Todo fracasso é uma segunda infância. Quando fracassamos, revisitamos nossos medos mais infantis. Somos jogados de volta para dentro de nosso quarto de criança, ouvindo atrás da porta a briga de nossos pais ou sentindo aquele abandono que por toda a vida nos acompanhará. Tudo ao redor se transforma em perigo. Nossa paranoia é ativada e, então, passamos a desconfiar de todos. Afirmamos que as pessoas não prestam, que não temos amigos, que ninguém nos compreende, que não nos dão chance de realmente mostrar como somos, porque acreditamos ser bons, mas as pessoas não conseguem perceber. Há uma dor real nisso tudo, mas há também uma ilusão sobre si. Olhando bem de perto, talvez possamos encontrar o medo, ali bem escondido atrás da raiva. Raiva de todo mundo. Raiva dos parentes, dos amigos, do trabalho, da política, do relacionamento, das pessoas, até dos cachorros de rua. Vivemos um redemoinho de pensamentos e sentimentos aflitos e quanto mais rodamos, mais nos fixamos em nossos pensamentos e ideias. Ficamos fixos naquilo que acreditamos. E quanto mais nos fixamos e nos tornamos rígidos, mais rodamos e rodamos. Que tontura-tortura.
Solte. Nenhum recomeço começa sem antes soltar daquilo que te prende. Solte. É preciso deixar que as coisas se vão sem que você tenha de ir junto. Solte a corda da mágoa daquele amor que partiu. Solte o laço que te prende à pessoa querida que morreu. Abra a boca da inveja que te morde tão dolorido e solte das coisas que não te pertencem. Solte as mãos dadas com a ilusão que tu mesmo criou sobre aquele alguém que, por ser humano, não é como tu deseja, mas sim como ele pode ser.
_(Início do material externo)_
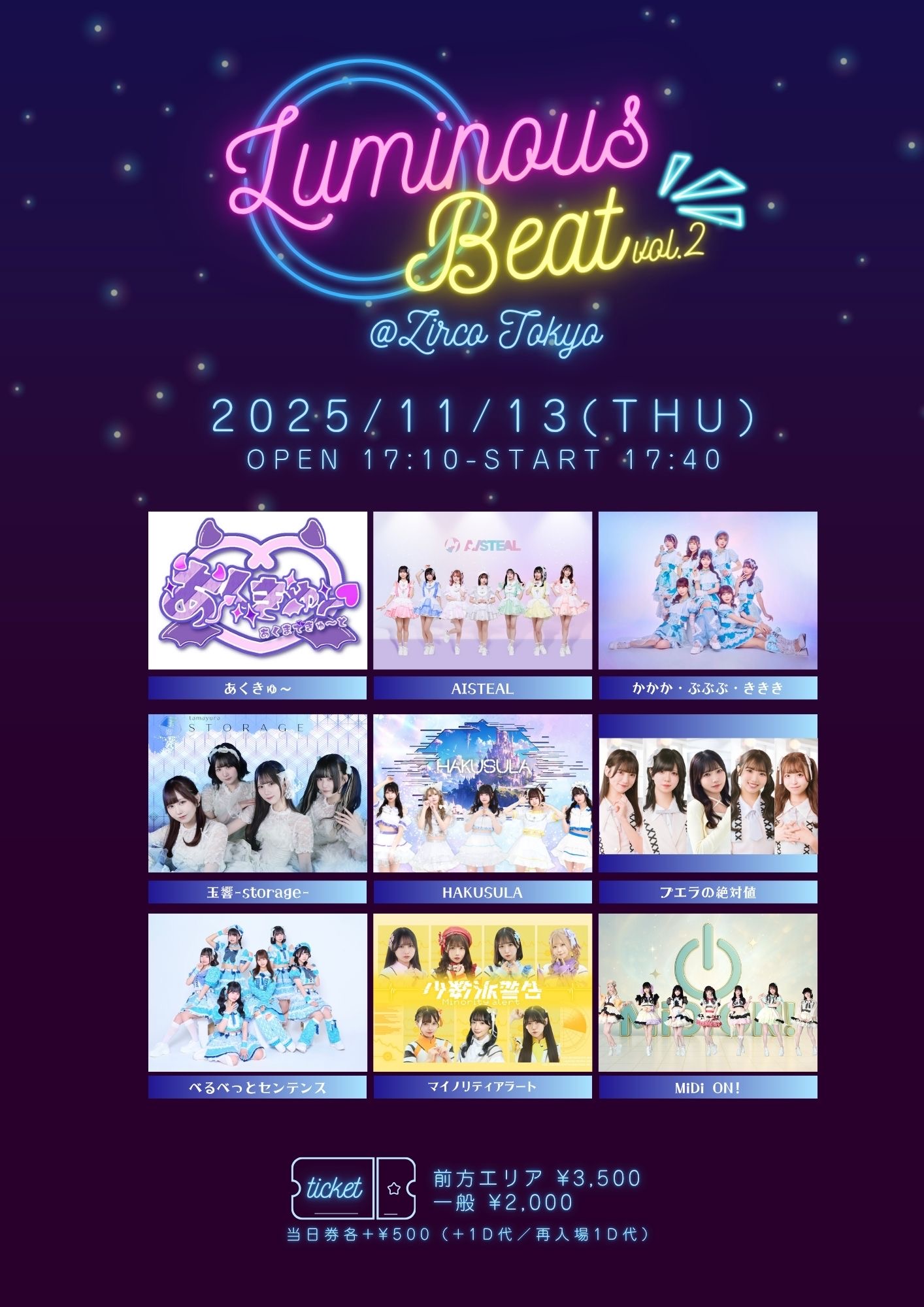 新宿歌舞伎町 Zirco Tokyo (ジルコトーキョー) スケジュール 2025.11.13(Thu) LUMINOUS BEAT [ACT] プエラの絶対値 / かかか・ぶぶぶ・ききき / 玉響-storage- / あくきゅ~ / MiDi ON! / AISTEAL / マイノリティアラート / HAKUSULA / べるべっとセンテンス [OPEN/START] 17:30/18:00 [料金] 前方チケット¥3,5000/一般チケット¥2,000- (1Drink代金¥700別途必要) (問)Zirco Tokyo 03-6278-9190 / info@zirco-tokyo.jp

Solte das lembranças do passado que só juntam pó nos cantos da vida.
Parece uma loucura soltar. E é. Uma loucura saudável. Uma loucura que te salva de enlouquecer de fato. Não conseguir soltar é o que chamamos, em psicanálise, de sintoma. Quando conseguimos olhar para o sintoma, vemos a corda que amarra a história. Nossa trama. Nosso drama. Reconhecer isso é começar o desatamento. Ao mesmo tempo aquilo que nos desespera, nos dá esperanças. É na perdição de si que nos encontramos. Não é mágica, muito menos autoajuda. Freud em O mal-estar na civilização, diz que não existe uma regra de ouro que se aplique a todos, mas toda pessoa, de certo modo, precisa encontrar por si mesma como deverá ser salva. Salva do que ou de quem?
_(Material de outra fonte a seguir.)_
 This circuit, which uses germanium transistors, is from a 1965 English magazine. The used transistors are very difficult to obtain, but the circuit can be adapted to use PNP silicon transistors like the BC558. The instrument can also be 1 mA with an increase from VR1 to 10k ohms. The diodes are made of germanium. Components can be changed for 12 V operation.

O ano está (re)começando. Adentramos a casa de janeiro e ele nos convida a saltar. Recomeçar é saltar. Todo recomeço é um salto no abismo do desconhecido. Nunca saberemos o que iremos encontrar ao nos permitirmos dar um passo adiante. Mas é rasurando o perdido que novas páginas podem ser escritas. Saltar é a certeza de que nada nos prende ou impede o voo. Não nascemos pássaros, sabemos disso, mas que nada nos impeça de conhecermos outros céus de nós mesmos, outras auroras, outros tons que nos colorem com a certeza de que, o dia cresce aos poucos e morre no silêncio. Todos os dias.